We summarize the results in Table 3. It is noted that by Table 3 the minimum number of rows w of an orthogonal array OA(w, n, 2, 4) can be determined, for \(n\le 13\).

Table 3 Maximum number of 4-orthogonal vectors in \({\mathbb {F}}_{2}^{n}\)

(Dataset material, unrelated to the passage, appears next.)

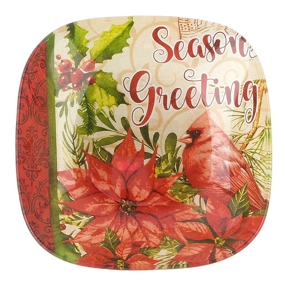 Блюдо "красный кардинал" 14.5*14.5*4см (стекло)
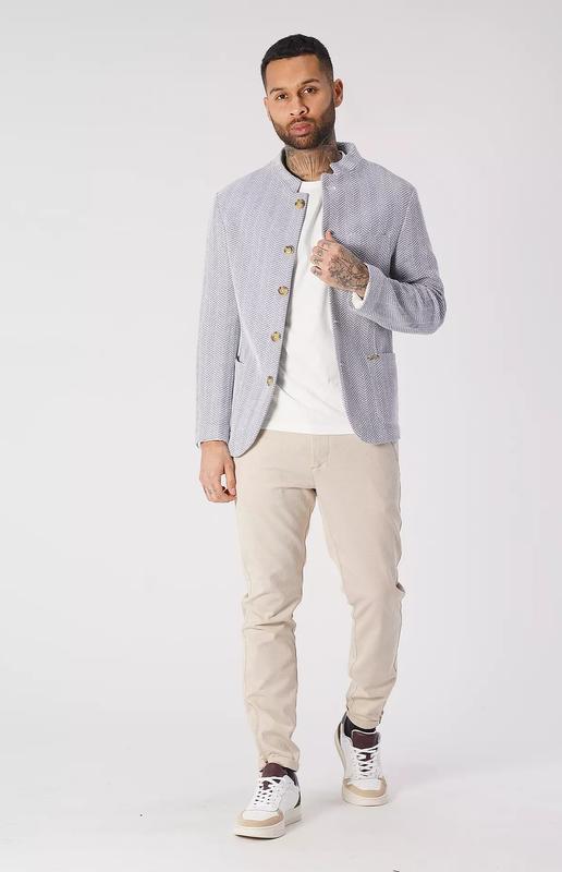 Чоловічий блейзер жакет з трикотажу Комір-стійка Довгий рукав Три накладних кишені Комфортний бавовняний трикотаж з ексклюзивним візерунком у ялинку. Ґудзики зі справжнього горіха корозо Прямий крій Матеріал: 100% бавовна Стан ідеальний. Розмір вказано 56 але в реалі підійде на менший орієнтуйтеся на заміри. довжина ОГ плечі рукав

Appendix B: An 11-variable 4-CI Boolean function with the minimum Hamming weight

Take \(m=7\) and S be the absolute maximum 4-linearly independent set with 11 vectors given in Example 2. We have

$$\begin{aligned}&l_1=x_1, \ l_2=x_2, \ l_3=x_3, \ l_4=x_4, \ l_5=x_5, \ l_6=x_6, \ l_7=x_7, \\&l_8=x_1\oplus x_2\oplus x_3\oplus x_4, \ l_9=x_1\oplus x_2\oplus x_5\oplus x_6,\\&l_{10}=x_1\oplus x_3\oplus x_5\oplus x_7, \ l_{11}=x_1\oplus x_2\oplus x_3\oplus x_4\oplus x_5\oplus x_6\oplus x_7. \end{aligned}$$

Then we can get the function \(f\in {\mathcal {B}}_{11}\) by Construction 2 with the support

$$\begin{aligned}&\{(0, 0, 0, 0, 0, 0, 0, 0, 0, 0, 0),(1, 0, 0, 0, 0, 0, 0, 1, 1, 1, 1),(0, 1, 0, 0, 0, 0, 0,1, 1, 0, 1),\\&(1, 1, 0, 0, 0, 0, 0, 0, 0, 1, 0), \ldots ,(0, 1, 1, 1, 1, 1, 1, 1, 1, 1, 0),(1, 1, 1, 1, 1, 1, 1, 0, 0, 0, 1)\} \end{aligned}$$

It is easy to check that f is a 4-CI Boolean function with the Hamming weight 128. Therefore, \(w_{11,4}\le 128\). From Table 3 of Appendix 1, we have \(w_{11,4}\ge 128\). Hence, \(w_{11,4}=128\). This is a previously unknown value, thus a triple question mark ??? in Table II of [5] can be taken place by it.